CRISPR/Cas-9 has been the hottest ongoing research topic as there were only a few dozens of research articles published till 2011, but at the end of 2018, there were over 17,000 published research papers that are still counting. As J. Duodena said that it has been such a fast-moving field, even she finds it difficult to keep up.
Where can one use CRISPR?
Basically, the map for the human genome was accomplished back in 2003 but scientists still did not know exactly which gene expresses certain functions but with the help of CRISPR/Cas-9, one can easily identify by knocking out a specific gene and then observing which trait has been pretentious. It speeds up the genome screening process. A 2016 article in Nature Biotechnology by Rodolphe Barrangou and Duodena enlisted about of possible future applications:
- Crop gene editing for more nutritious food
- Develop the latest tools to replace defective genes
- Novel antibiotics and antiviral production
- Develop Gene Drive to alter whole specie’
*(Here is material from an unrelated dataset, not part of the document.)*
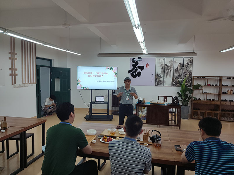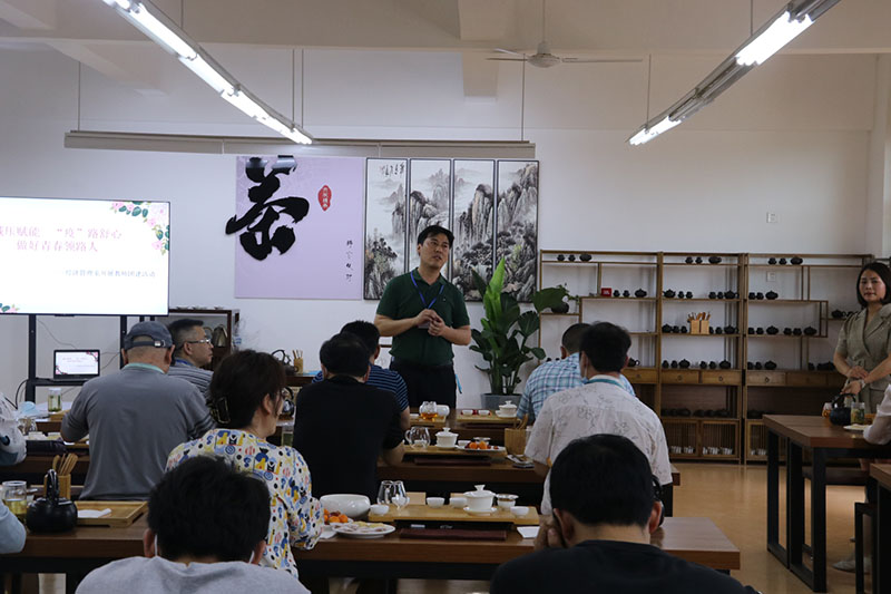 团建活动在阵阵茶香中拉开帷幕。老师们畅所欲言,就工作与生活上的“烦心事”进行了交流分享,在座的老师们相互排忧解难,结合自身经验出谋划策,针对老师们提到的学生管理、学生就业等问题,学生工作处陈国华、招生就业处陈鹏分别进行了解释说明。

- Insert genes to remove the harmful species entirely
- Restrains to the CRISPR/Cas-9 Technique
Although it has been one of the hottest research topics of the recent century, it has certain limitations to it. It is cost-effective and cheap compared to the previous techniques used, yet sometimes it can go off target causing DNA cuts at the sites other than the targeted ones. As Church said at Live Science, the chief drawback of CRISPR/Cas-9 is that it is not 100 percent proficient. Editing in genes may diverge, sometimes up to 50-80%; they may show varying intensity in the gene editing.
CRISPR/Cas-9 is one of the very recent innovations in genetic engineering. It has shown potential applications and benefits for genome editing that may provide the cure for genetic disorders and can help create better crop varieties with enriched nutrients and crop yield in the coming days. It can also help to introduce the required features in the developing embryo.